Work instruction
Nothing but the lines below from the one that contains "Όνομα Προϊόντος Σετ" through the one that contains "- Zus. Außenklappe" should be retyped, exactly and including both ends. Do not include pictures.

[[ Entries supplied open ]]

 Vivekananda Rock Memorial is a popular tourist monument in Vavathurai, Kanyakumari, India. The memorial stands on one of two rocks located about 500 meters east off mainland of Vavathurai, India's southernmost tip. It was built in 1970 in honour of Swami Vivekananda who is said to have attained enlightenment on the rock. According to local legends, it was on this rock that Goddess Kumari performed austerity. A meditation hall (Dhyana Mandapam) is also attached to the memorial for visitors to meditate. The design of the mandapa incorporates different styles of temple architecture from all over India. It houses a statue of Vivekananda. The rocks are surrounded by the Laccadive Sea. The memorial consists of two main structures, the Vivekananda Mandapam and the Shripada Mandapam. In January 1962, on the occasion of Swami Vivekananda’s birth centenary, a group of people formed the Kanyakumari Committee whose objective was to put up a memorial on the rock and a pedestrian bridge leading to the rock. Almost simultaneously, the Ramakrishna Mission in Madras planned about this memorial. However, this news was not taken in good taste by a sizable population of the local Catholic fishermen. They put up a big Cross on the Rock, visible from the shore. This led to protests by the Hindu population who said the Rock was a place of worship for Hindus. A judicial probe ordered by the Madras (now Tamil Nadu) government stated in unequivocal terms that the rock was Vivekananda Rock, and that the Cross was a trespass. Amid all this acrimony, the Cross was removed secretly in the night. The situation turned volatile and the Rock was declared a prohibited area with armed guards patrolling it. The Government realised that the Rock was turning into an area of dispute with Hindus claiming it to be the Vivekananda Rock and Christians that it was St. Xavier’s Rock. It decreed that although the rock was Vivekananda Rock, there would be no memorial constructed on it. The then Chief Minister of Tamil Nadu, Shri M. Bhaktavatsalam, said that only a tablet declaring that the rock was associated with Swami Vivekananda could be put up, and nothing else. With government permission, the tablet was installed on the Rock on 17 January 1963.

[[ Entries supplied closed ]]
[[ Entries supplied open ]]

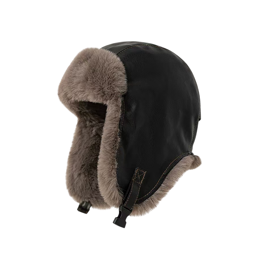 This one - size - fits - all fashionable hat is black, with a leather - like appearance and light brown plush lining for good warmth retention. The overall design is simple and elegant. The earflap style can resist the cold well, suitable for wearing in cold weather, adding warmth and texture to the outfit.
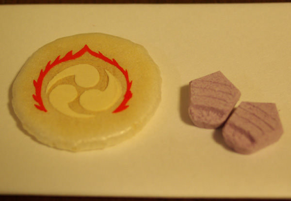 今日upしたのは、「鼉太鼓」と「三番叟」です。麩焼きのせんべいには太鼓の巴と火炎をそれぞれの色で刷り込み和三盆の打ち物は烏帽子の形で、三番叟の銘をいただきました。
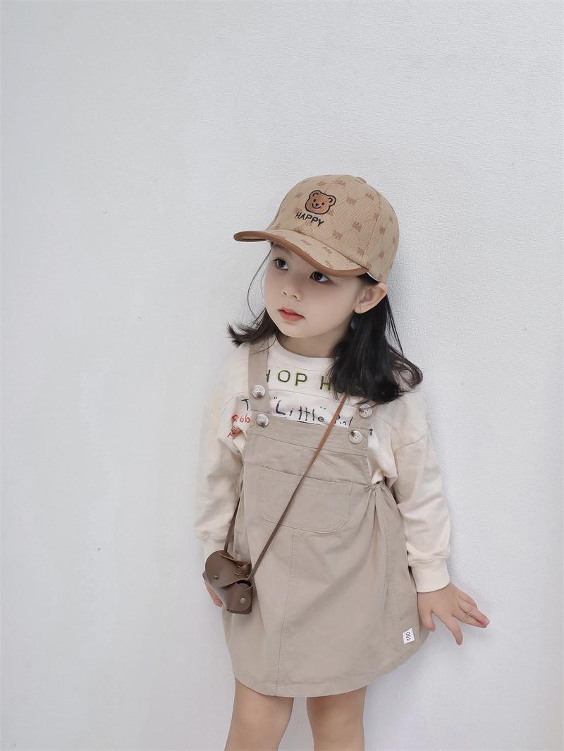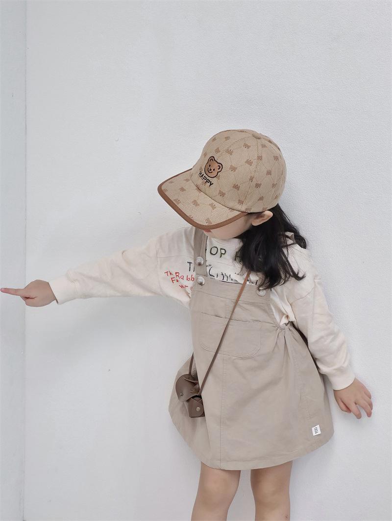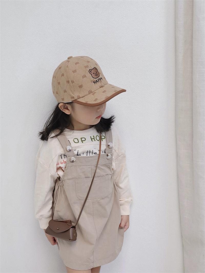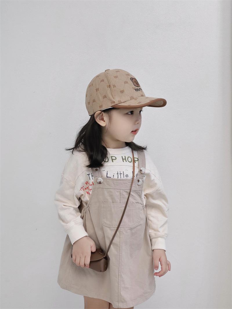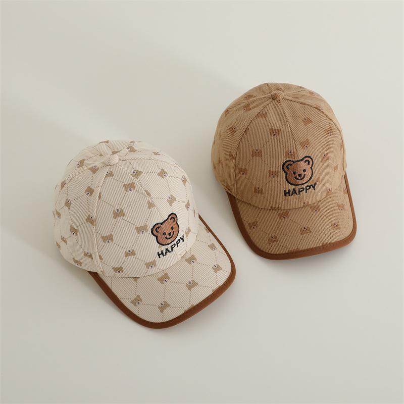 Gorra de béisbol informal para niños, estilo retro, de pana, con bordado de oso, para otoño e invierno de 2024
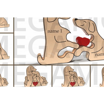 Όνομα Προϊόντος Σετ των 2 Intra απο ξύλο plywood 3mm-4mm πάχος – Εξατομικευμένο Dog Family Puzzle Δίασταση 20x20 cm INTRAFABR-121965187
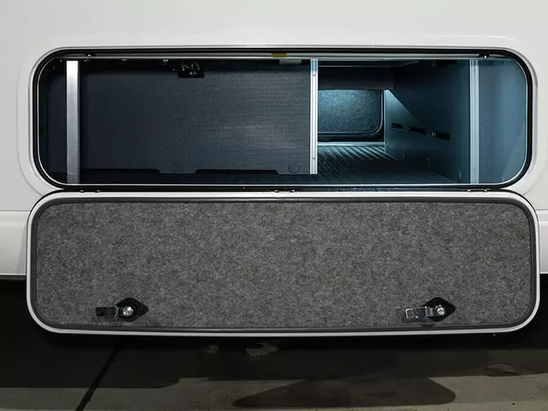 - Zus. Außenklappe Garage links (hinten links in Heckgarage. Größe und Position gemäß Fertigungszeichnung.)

[[ Entries supplied closed ]]
[[ Entries supplied open ]]

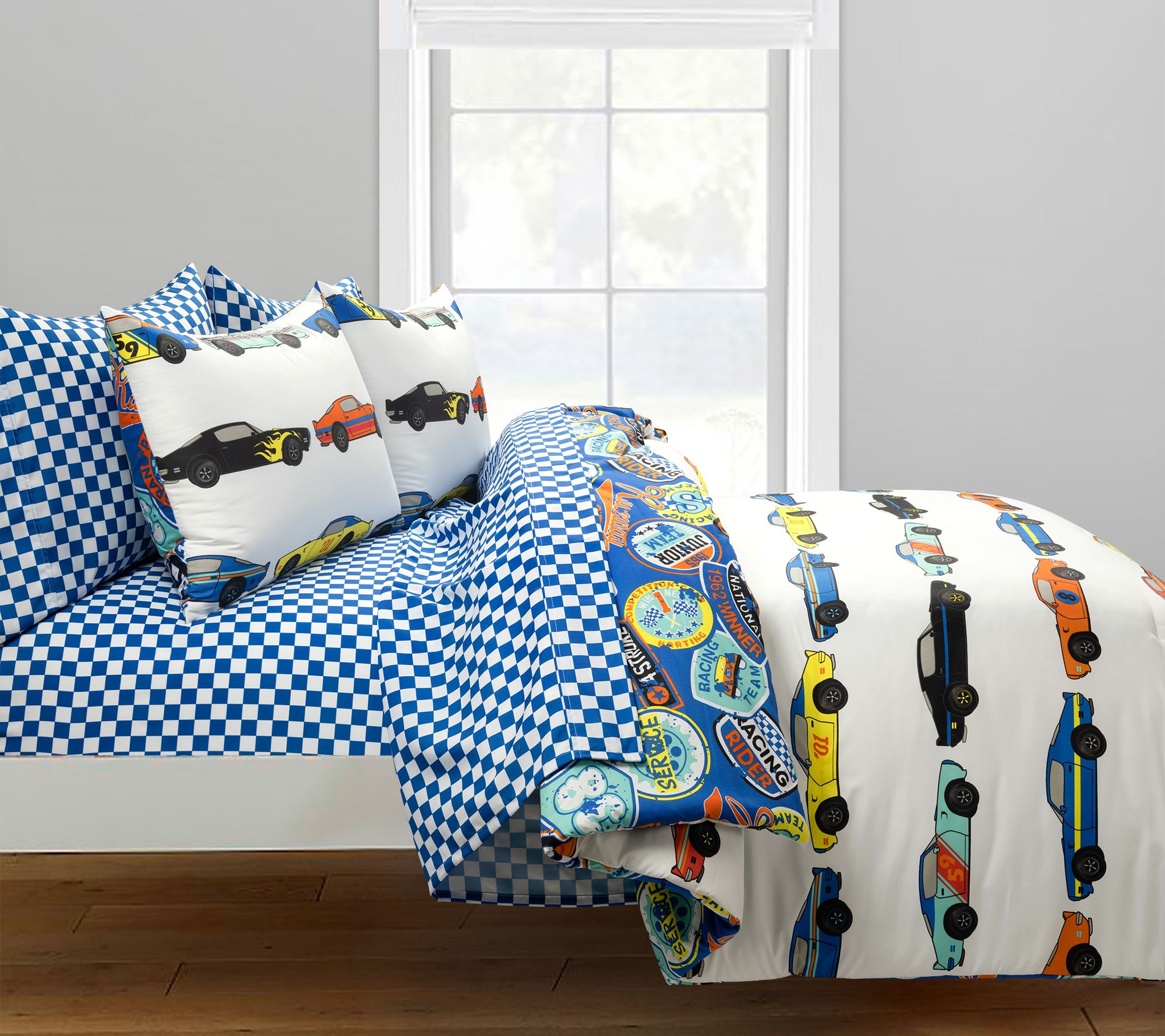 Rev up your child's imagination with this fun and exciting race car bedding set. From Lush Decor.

[[ Entries supplied closed ]]

Response
 Όνομα Προϊόντος Σετ των 2 Intra απο ξύλο plywood 3mm-4mm πάχος – Εξατομικευμένο Dog Family Puzzle Δίασταση 20x20 cm INTRAFABR-121965187
 - Zus. Außenklappe Garage links (hinten links in Heckgarage. Größe und Position gemäß Fertigungszeichnung.)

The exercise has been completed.